> [EXERCISE DESCRIPTION]: Could the data below be copied exactly, minus the pictures?

> [COLLECTED DATA]:
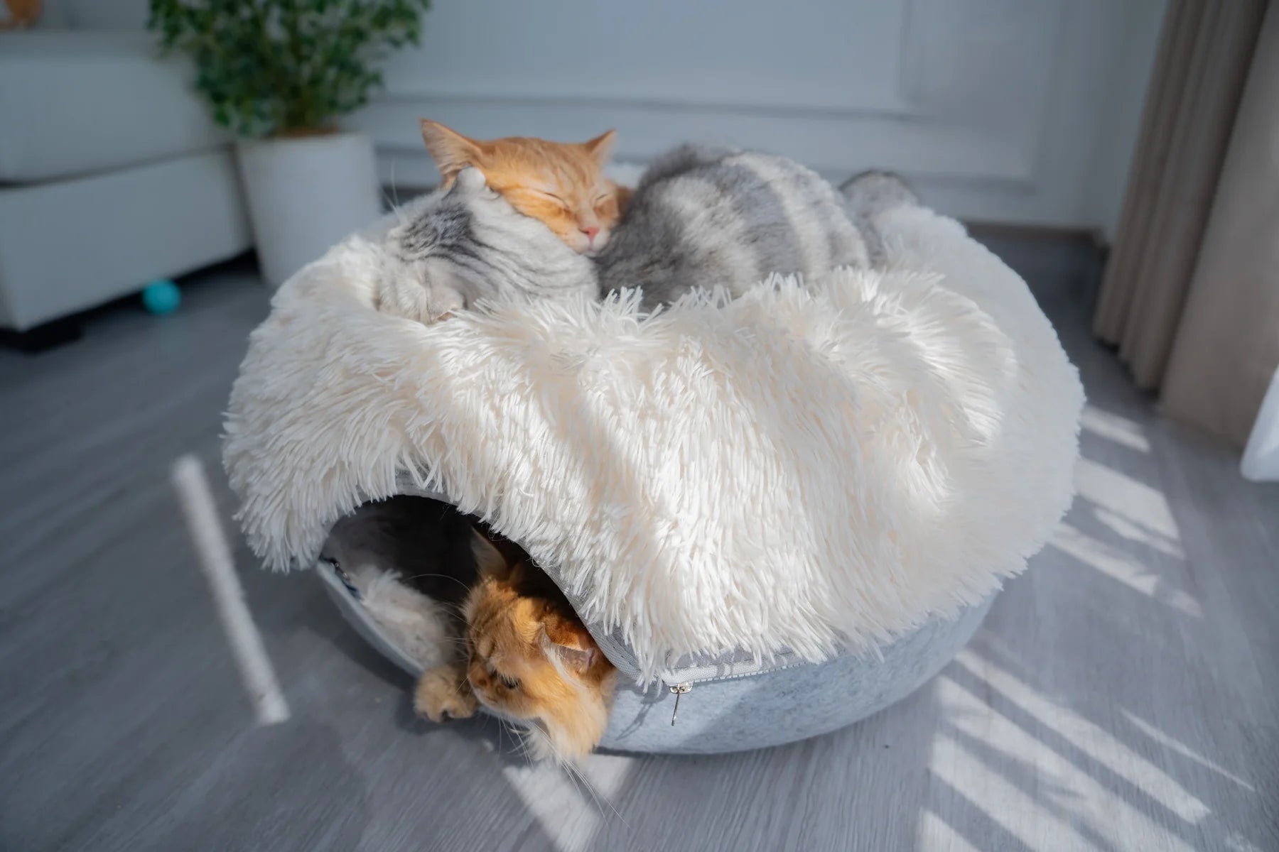 This fluffy cave is designed to keep them warm, safe, and happy.
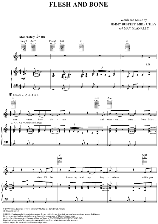 "Flesh and Bone" Sheet Music by Jimmy Buffett
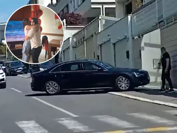 U kući ga je dočekala supruga, a ovo je ekskluzivna slika tog dočeka - Duško je dobio snažan zagrljaj i poljubac. Na fotografiji se vidi i da mu je stavljena nanogica. U krupnom planu su i crveni baloni kao deo dobrodošlice.
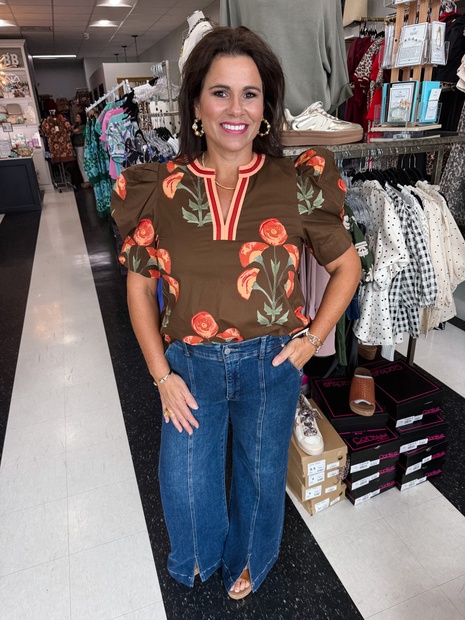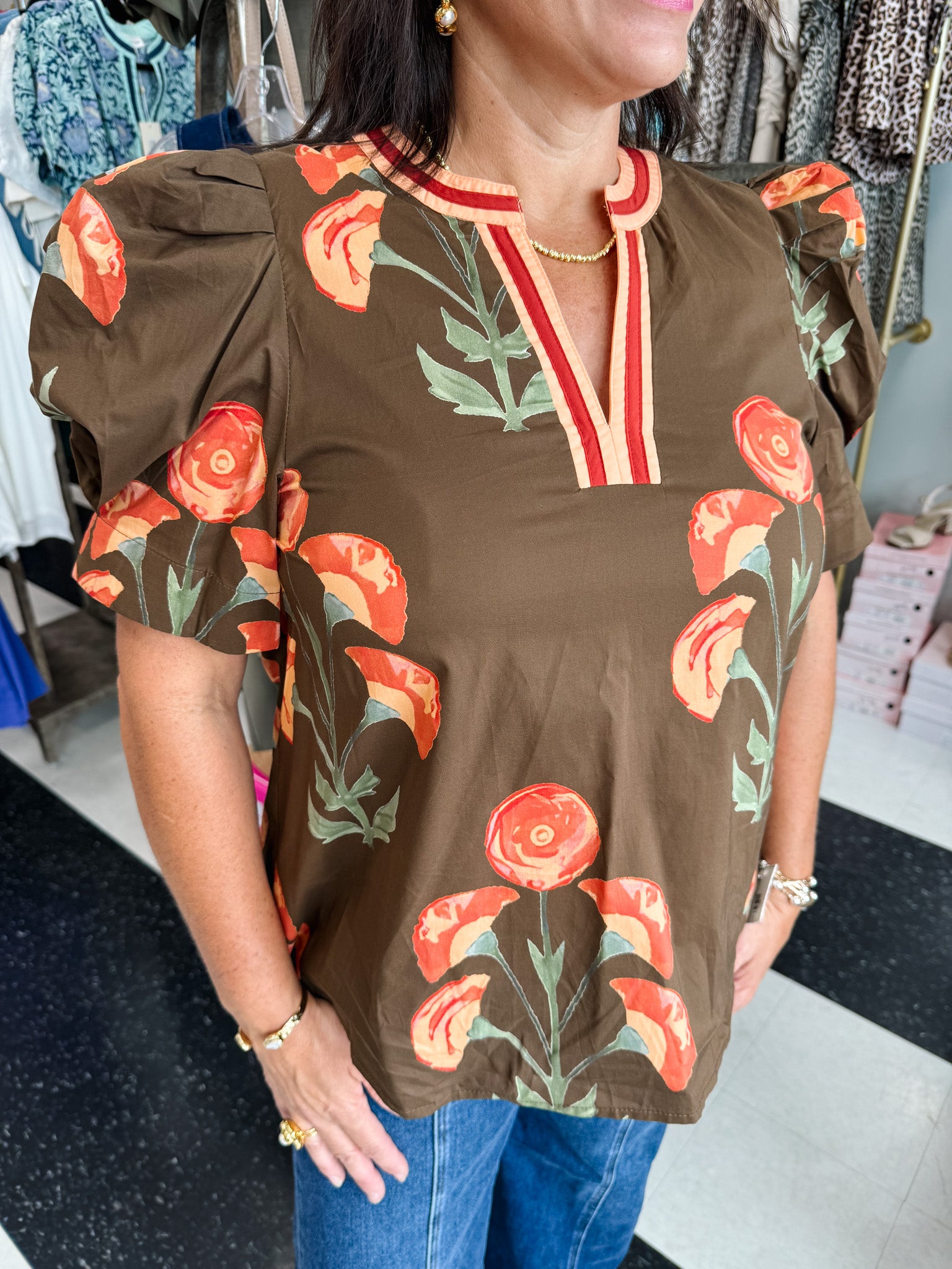 Brighten your wardrobe with the Entro Autumn Is Calling Top, a playful floral print blouse that brings charm to any outfit. Its structured shoulder puff sleeves and multicolor band accent around the round V-neck add a fun, flirty touch. Crafted from lightweight woven fabric, this unlined, non-sheer top keeps you comfortable and stylish all day long. Perfect for embracing the season with a splash of color and personality.

> [TASK ANSWER]:
 This fluffy cave is designed to keep them warm, safe, and happy.
 "Flesh and Bone" Sheet Music by Jimmy Buffett
 U kući ga je dočekala supruga, a ovo je ekskluzivna slika tog dočeka - Duško je dobio snažan zagrljaj i poljubac. Na fotografiji se vidi i da mu je stavljena nanogica. U krupnom planu su i crveni baloni kao deo dobrodošlice.
 Brighten your wardrobe with the Entro Autumn Is Calling Top, a playful floral print blouse that brings charm to any outfit. Its structured shoulder puff sleeves and multicolor band accent around the round V-neck add a fun, flirty touch. Crafted from lightweight woven fabric, this unlined, non-sheer top keeps you comfortable and stylish all day long. Perfect for embracing the season with a splash of color and personality.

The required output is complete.